• [COLLECTED DATA]:

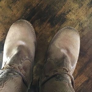 Love! Love! Love! Super hot 8” ankle boots by Bed Stu. These boots are a gorgeous, caramel meets light brown color which matches everything. Excellent craftsmanship that you expect from a quality bootmaker. Buckle accents at top of shaft, Detailed cross stitching on harness, purrrrrfect chunky heel and round toe. I’ve hesitated to sell these because of the look and actual comfort. Due to ankle surgery, I just can’t wear them. Heartbreaking as it is, I have to let them go.
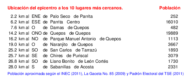 Detalle de la zona epicentral:. Se muestran los poblados más cercanos al epicentro en un radio de unos 30 km. Las principales fallas activas son las trazas de color rojo. Abajo están las distancias que hay del epicentro a cada uno de los diez sitios más cercanos y la cantidad de habitantes que poseen.
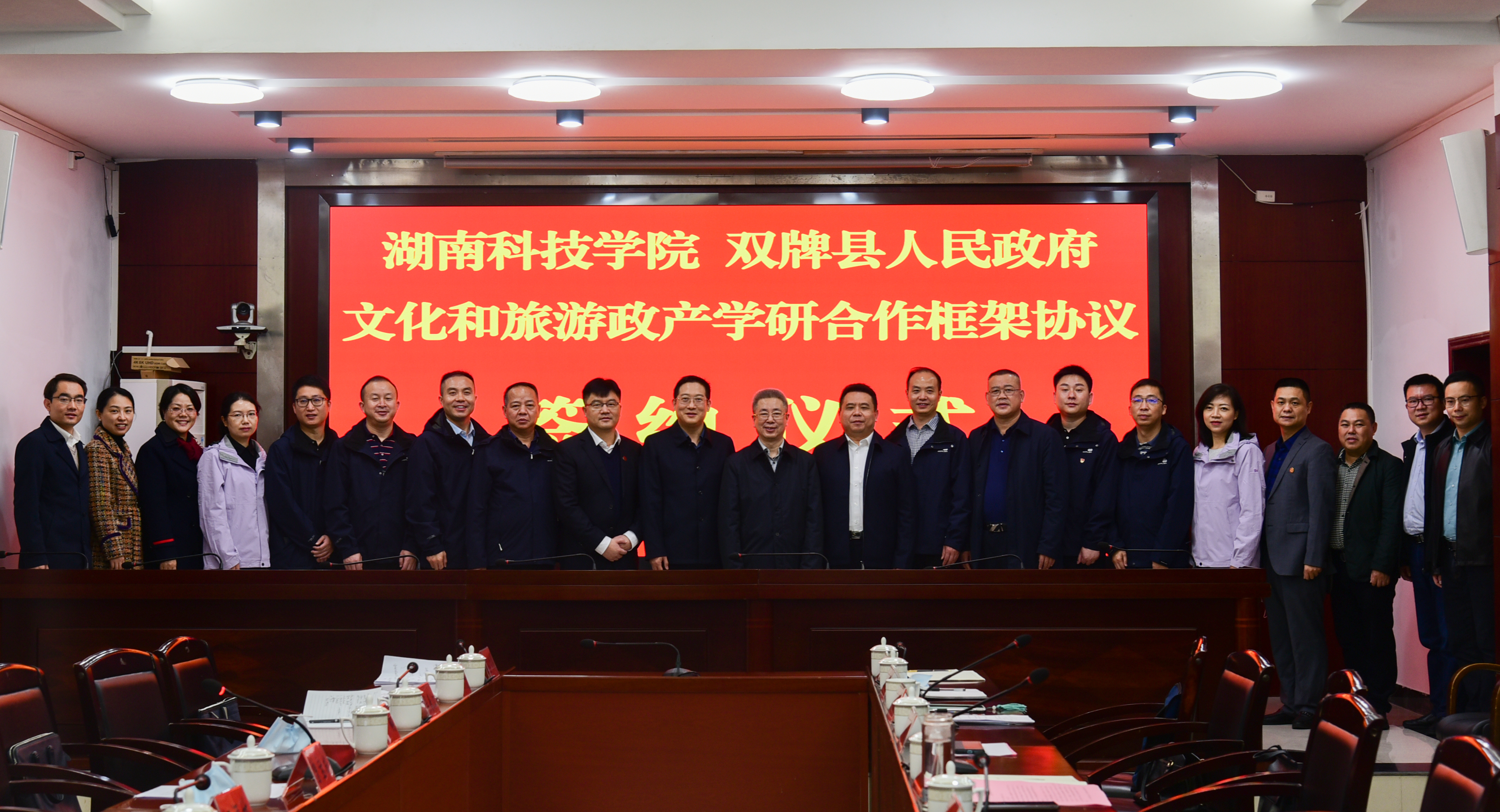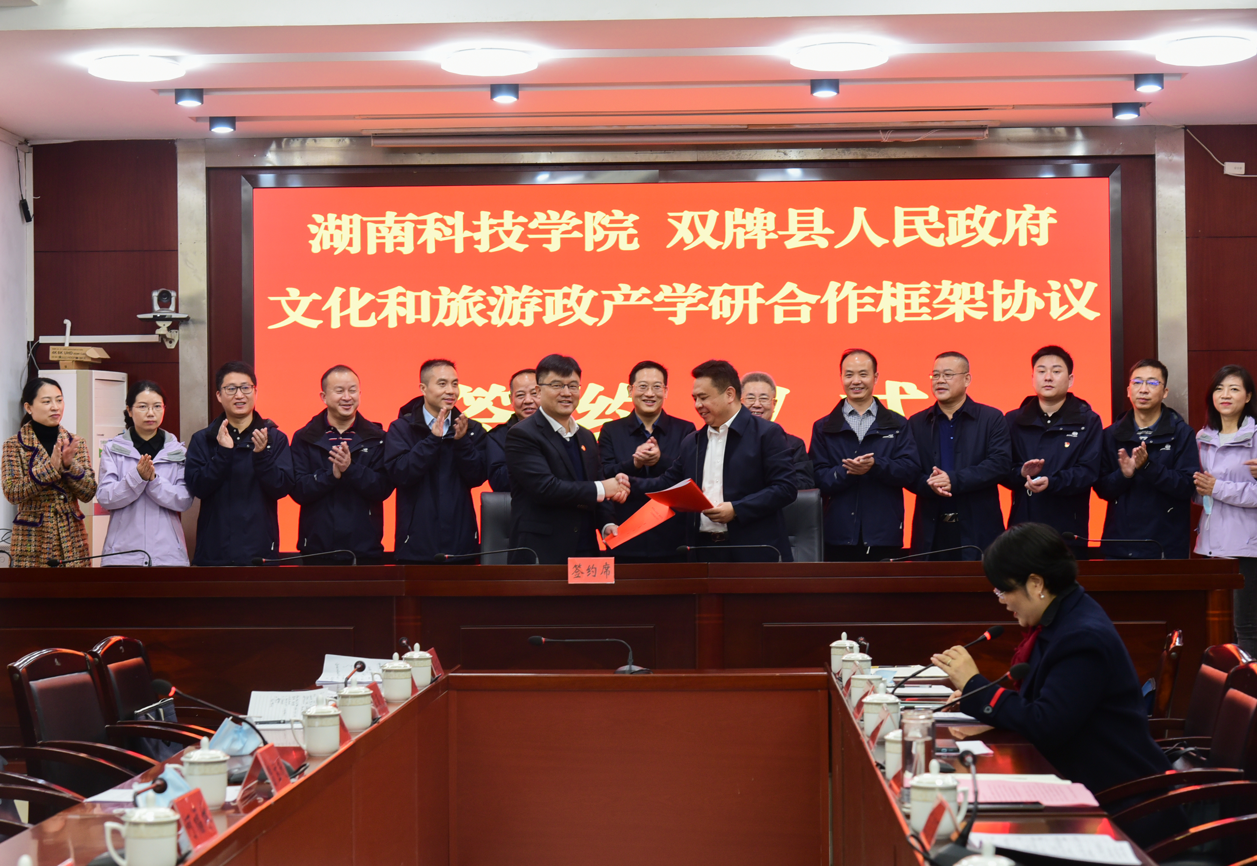 本网讯 11月2日上午,学校与双牌县人民政府签约旅游合作框架协议。双牌县委书记张跃斌,县委副书记、县长蔡富强,县领导何彩玲、周明冬、石婧,学校党委书记曾宝成,党委副书记、校长李钢,副校长何福林出席签约仪式。

• [AIM OF THE EXERCISE]: Reproduce the material word for word. Skip every picture it holds.

• [FINISHED EXERCISE]:
 Love! Love! Love! Super hot 8” ankle boots by Bed Stu. These boots are a gorgeous, caramel meets light brown color which matches everything. Excellent craftsmanship that you expect from a quality bootmaker. Buckle accents at top of shaft, Detailed cross stitching on harness, purrrrrfect chunky heel and round toe. I’ve hesitated to sell these because of the look and actual comfort. Due to ankle surgery, I just can’t wear them. Heartbreaking as it is, I have to let them go.
 Detalle de la zona epicentral:. Se muestran los poblados más cercanos al epicentro en un radio de unos 30 km. Las principales fallas activas son las trazas de color rojo. Abajo están las distancias que hay del epicentro a cada uno de los diez sitios más cercanos y la cantidad de habitantes que poseen.
 本网讯 11月2日上午,学校与双牌县人民政府签约旅游合作框架协议。双牌县委书记张跃斌,县委副书记、县长蔡富强,县领导何彩玲、周明冬、石婧,学校党委书记曾宝成,党委副书记、校长李钢,副校长何福林出席签约仪式。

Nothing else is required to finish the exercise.